Дневник императрицы. Екатерина II - Иван Андреев
Шрифт:
Интервал:
После обеда был большой бал. Императрица хотела остаться в Кронштадте, чтобы видеть, как снова выпустят воду из канала, но она уехала на третий день, а спуск так и не удался: этот канал не был осушен до тех пор, пока в мое царствование я не велела выстроить огненную мельницу, которая удаляет из него воду, — впрочем, это было бы и невозможное тогда дело, так как дно канала ниже моря, но этого не предусмотрели.
Из Кронштадта каждый вернулся к себе. Императрица поехала в Петергоф, а мы — в Ораниенбаум. Чоглоков просил и получил разрешение поехать в одно из своих имений на месяц. В его отсутствие его супруга очень суетилась из-за того, чтобы буквально исполнять приказания императрицы.

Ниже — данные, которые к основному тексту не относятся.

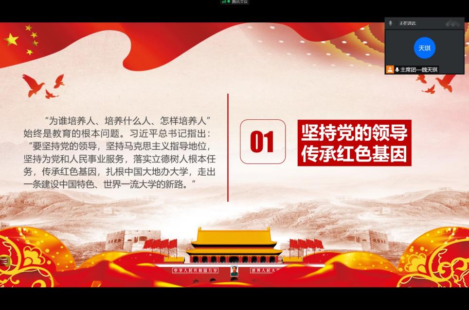 院学生会通过腾讯会议的形式,组织学生会全体成员集中学习习近平总书记考察人民大学时的讲话,并进行学习心得分享交流。作为院学生会成员,同学们对高校学生担负的责任有了更深刻的认识和感受,对党的理论、方针、政策有了更清晰的理解。今后,将继续深化“我为同学做实事”活动,切实解决学生所需。

Сначала она имела несколько совещаний с камер-лакеем великого князя Брессаном; Брессан нашел в Ораниенбауме хорошенькую вдову одного художника, некую Грот; несколько дней ее уговаривали, насулили не знаю чего, потом сообщили ей, чего от нее хотят и на что она должна согласиться; потом Брессан должен был познакомить великого князя с этой молодой и красивой вдовушкой.
Я хорошо замечала, что Чоглокова была очень занята, но я не знала, чем, когда наконец Сергей Салтыков вернулся из своего добровольного изгнания и сообщил мне приблизительно, в чем дело.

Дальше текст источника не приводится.